TRY IT: Please output the data exactly, minus pictures.

EXERCISE DATA Start Marker

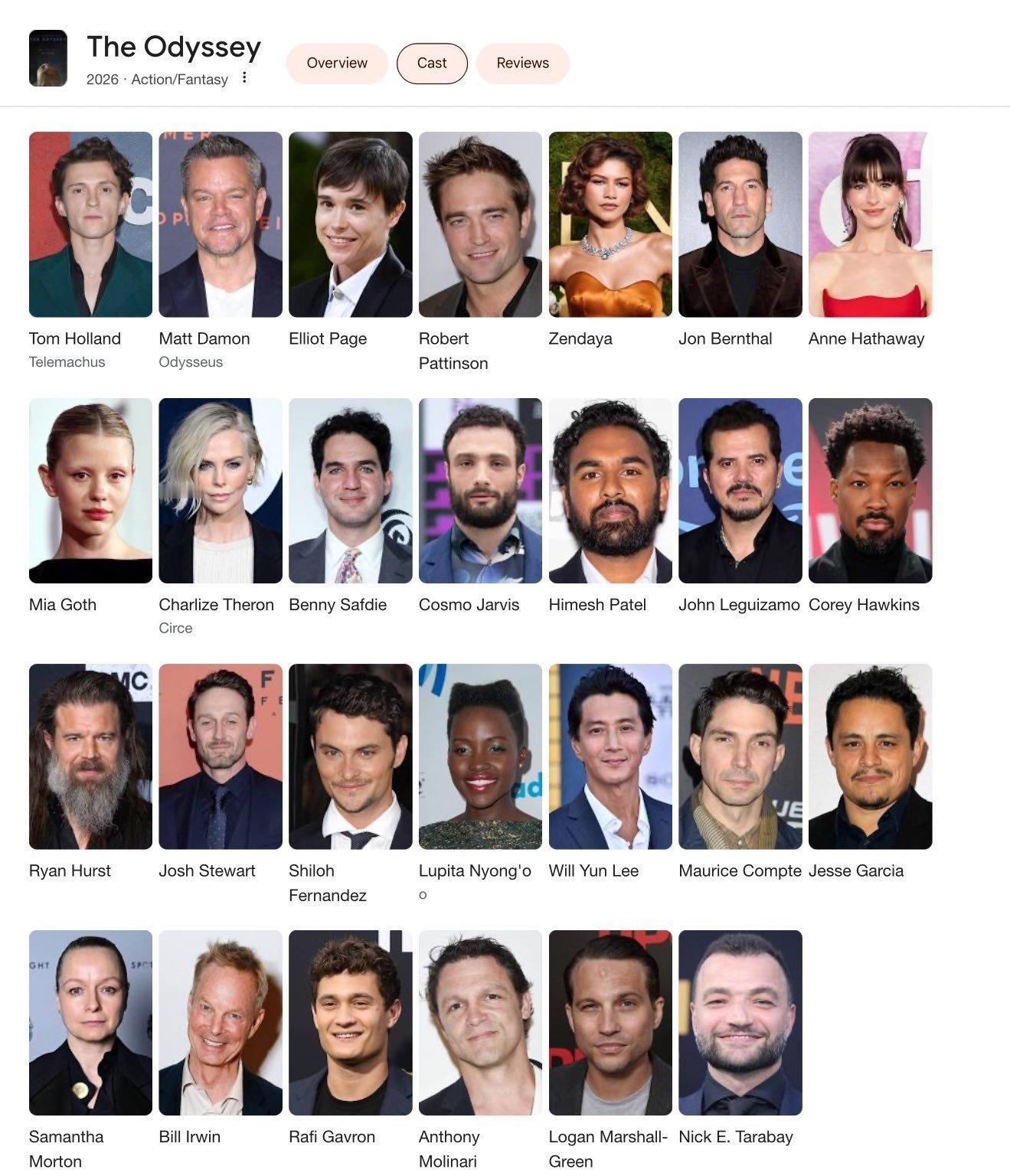 诺兰执导的《奥德赛》放出更多物料。明年最值得的期待的电影,2026年7月17日上映。马特·达蒙饰演奥德修斯荷兰弟饰演奥德修斯的儿子忒勒马科斯安妮·海瑟薇饰演奥德修斯的妻子佩涅罗佩,米娅·高斯饰演宫廷侍女梅兰托
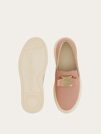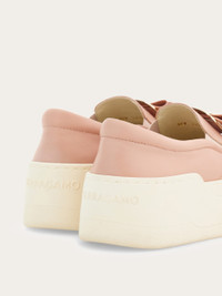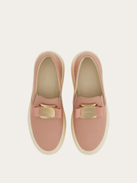 The slip-on sneaker is a versatile and stylish option for casual occasions. The nappa leather upper is soft and adorned with a new golden Vara buckle, featuring an on-tone grosgrain bow for a feminine touch. Elastic bands and padding along the neckline provide a comfortable fit. The rubber platform sole is lightweight and has custom detailing. - Composition: nappa - Made in ITALY - Product code: 030606 774816
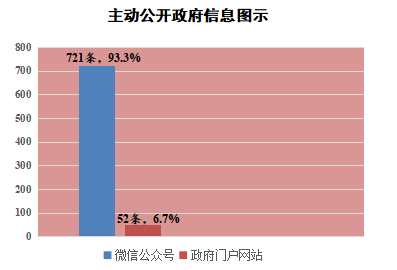 2022年,我镇高度重视政府信息公开工作,通过 “美丽新兖”微信公众号发布信息共计721条,约占比93.3%;通过“中国·兖州”政府门户网站政府信息公开栏目主动公开各类政府信息52条,约占比6.7%。

EXERCISE DATA End Marker

SOLUTION FOR THIS EXERCISE:
 诺兰执导的《奥德赛》放出更多物料。明年最值得的期待的电影,2026年7月17日上映。马特·达蒙饰演奥德修斯荷兰弟饰演奥德修斯的儿子忒勒马科斯安妮·海瑟薇饰演奥德修斯的妻子佩涅罗佩,米娅·高斯饰演宫廷侍女梅兰托
 The slip-on sneaker is a versatile and stylish option for casual occasions. The nappa leather upper is soft and adorned with a new golden Vara buckle, featuring an on-tone grosgrain bow for a feminine touch. Elastic bands and padding along the neckline provide a comfortable fit. The rubber platform sole is lightweight and has custom detailing. - Composition: nappa - Made in ITALY - Product code: 030606 774816
 2022年,我镇高度重视政府信息公开工作,通过 “美丽新兖”微信公众号发布信息共计721条,约占比93.3%;通过“中国·兖州”政府门户网站政府信息公开栏目主动公开各类政府信息52条,约占比6.7%。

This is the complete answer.